--- DATA TO PROCESS Enclosed Below ---

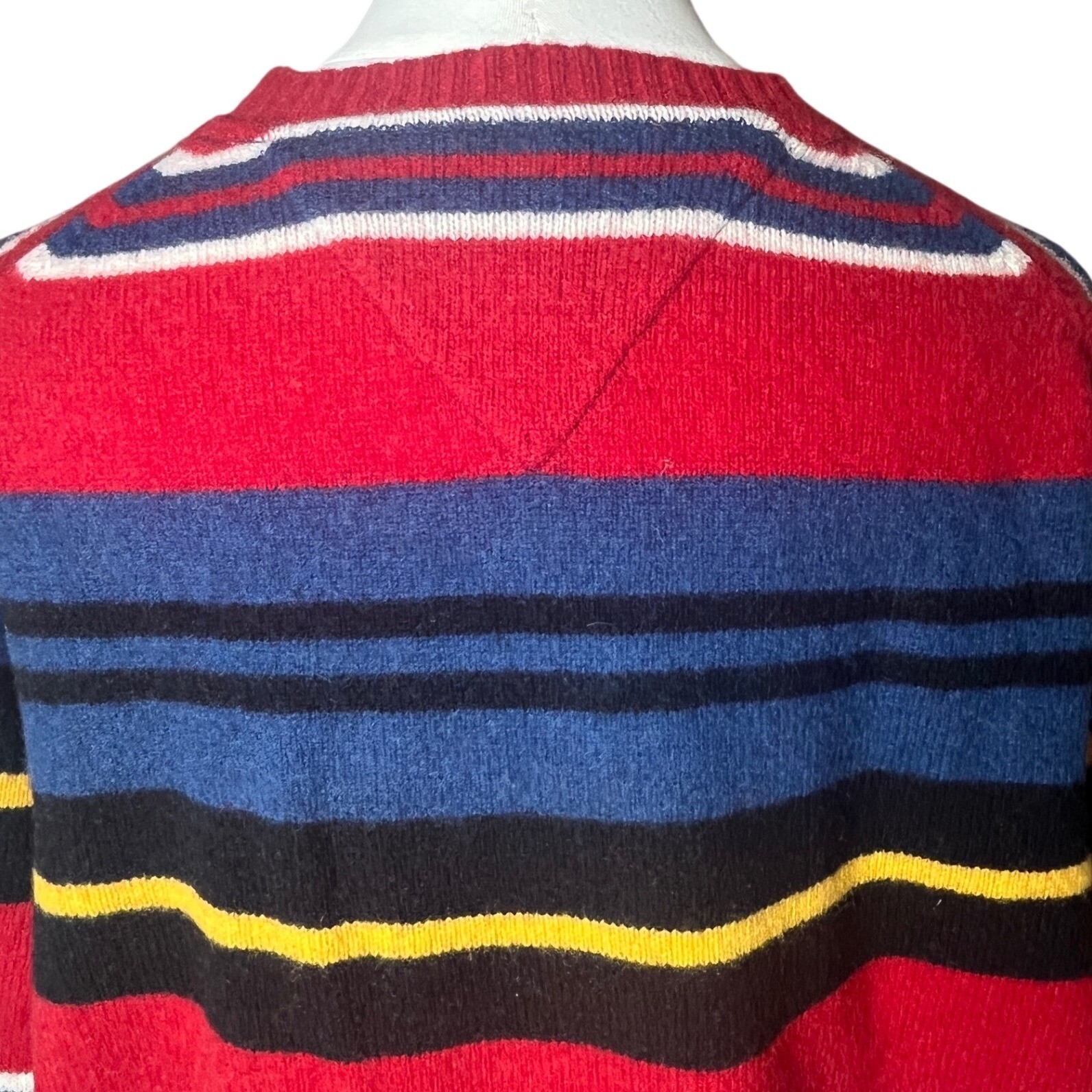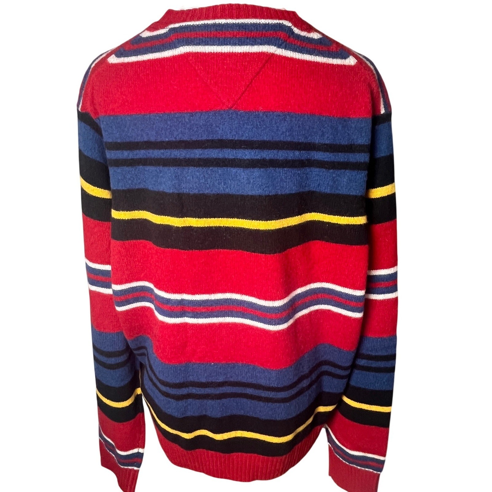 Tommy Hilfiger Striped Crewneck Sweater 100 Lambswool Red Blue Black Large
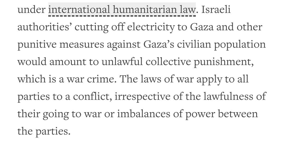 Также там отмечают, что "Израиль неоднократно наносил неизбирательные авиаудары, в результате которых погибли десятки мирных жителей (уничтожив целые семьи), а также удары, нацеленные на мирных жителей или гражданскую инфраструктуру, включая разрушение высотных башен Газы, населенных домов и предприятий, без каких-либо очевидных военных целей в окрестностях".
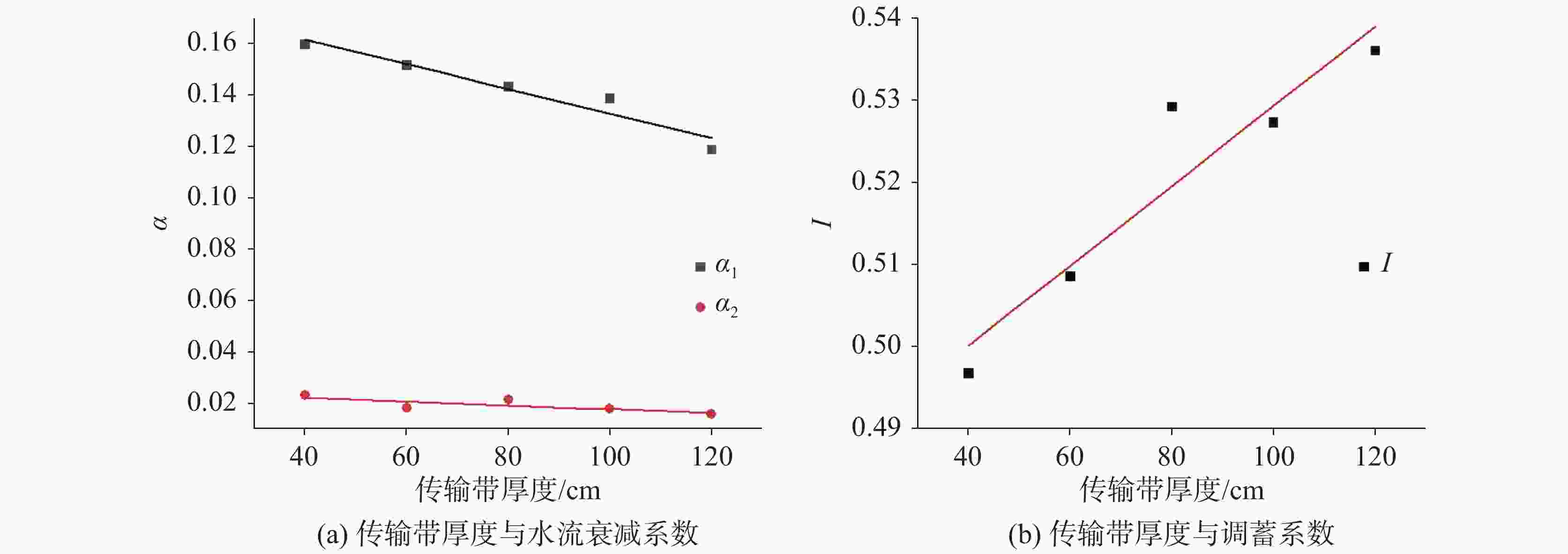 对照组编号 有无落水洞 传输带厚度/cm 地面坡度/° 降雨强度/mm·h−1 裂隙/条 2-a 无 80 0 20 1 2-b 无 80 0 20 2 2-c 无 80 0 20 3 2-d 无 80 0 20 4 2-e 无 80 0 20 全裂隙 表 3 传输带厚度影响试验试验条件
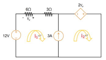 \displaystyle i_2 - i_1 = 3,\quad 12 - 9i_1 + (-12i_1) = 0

--- End of Enclosed DATA TO PROCESS ---
--- DATA TO PROCESS Enclosed Below ---

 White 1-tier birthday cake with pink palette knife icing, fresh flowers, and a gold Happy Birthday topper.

--- End of Enclosed DATA TO PROCESS ---
--- DATA TO PROCESS Enclosed Below ---

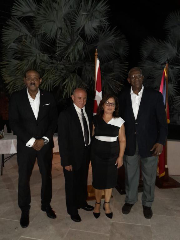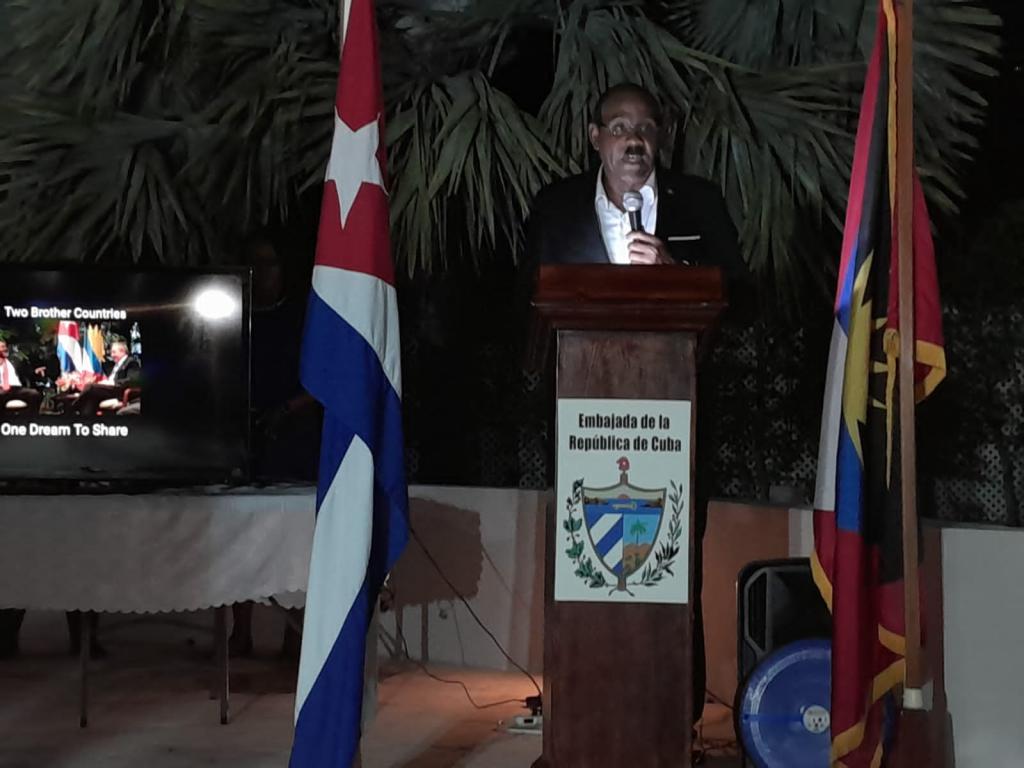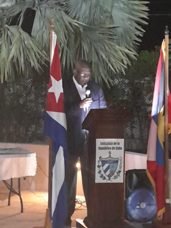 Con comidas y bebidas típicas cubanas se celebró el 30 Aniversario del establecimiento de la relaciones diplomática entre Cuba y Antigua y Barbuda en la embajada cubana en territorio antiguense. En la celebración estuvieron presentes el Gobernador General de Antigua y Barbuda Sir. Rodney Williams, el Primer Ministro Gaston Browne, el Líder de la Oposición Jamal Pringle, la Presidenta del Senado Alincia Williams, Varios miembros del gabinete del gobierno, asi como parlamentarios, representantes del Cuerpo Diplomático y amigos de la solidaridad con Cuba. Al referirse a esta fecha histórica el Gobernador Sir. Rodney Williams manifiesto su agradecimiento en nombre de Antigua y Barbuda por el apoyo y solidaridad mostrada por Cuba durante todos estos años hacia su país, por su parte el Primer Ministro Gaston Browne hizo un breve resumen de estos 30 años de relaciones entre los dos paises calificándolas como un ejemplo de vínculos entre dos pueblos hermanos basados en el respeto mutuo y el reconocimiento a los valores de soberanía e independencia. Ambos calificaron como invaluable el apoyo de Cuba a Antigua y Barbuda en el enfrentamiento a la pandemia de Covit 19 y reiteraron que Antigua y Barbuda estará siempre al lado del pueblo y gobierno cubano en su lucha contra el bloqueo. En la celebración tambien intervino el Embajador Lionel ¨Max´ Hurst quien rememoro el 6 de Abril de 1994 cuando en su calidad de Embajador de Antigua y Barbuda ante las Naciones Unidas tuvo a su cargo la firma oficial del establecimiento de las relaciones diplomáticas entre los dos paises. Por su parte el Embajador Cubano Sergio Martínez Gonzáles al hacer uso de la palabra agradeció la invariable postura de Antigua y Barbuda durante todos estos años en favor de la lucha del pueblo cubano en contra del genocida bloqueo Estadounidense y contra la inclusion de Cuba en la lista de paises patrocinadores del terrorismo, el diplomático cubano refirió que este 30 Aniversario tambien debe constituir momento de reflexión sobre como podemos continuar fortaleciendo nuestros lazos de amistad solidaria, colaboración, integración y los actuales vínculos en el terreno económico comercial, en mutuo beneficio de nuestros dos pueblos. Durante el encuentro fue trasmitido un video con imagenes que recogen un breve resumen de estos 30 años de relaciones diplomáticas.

--- End of Enclosed DATA TO PROCESS ---

* [TRY IT]
Each line above that falls between the line with "对照组编号 有无落水洞 传输带厚度/cm" and the line with "(-12i_1) = 0" should be printed exactly, together with those two lines, but the pictures should not.

* [RESPONSE]
 对照组编号 有无落水洞 传输带厚度/cm 地面坡度/° 降雨强度/mm·h−1 裂隙/条 2-a 无 80 0 20 1 2-b 无 80 0 20 2 2-c 无 80 0 20 3 2-d 无 80 0 20 4 2-e 无 80 0 20 全裂隙 表 3 传输带厚度影响试验试验条件
 \displaystyle i_2 - i_1 = 3,\quad 12 - 9i_1 + (-12i_1) = 0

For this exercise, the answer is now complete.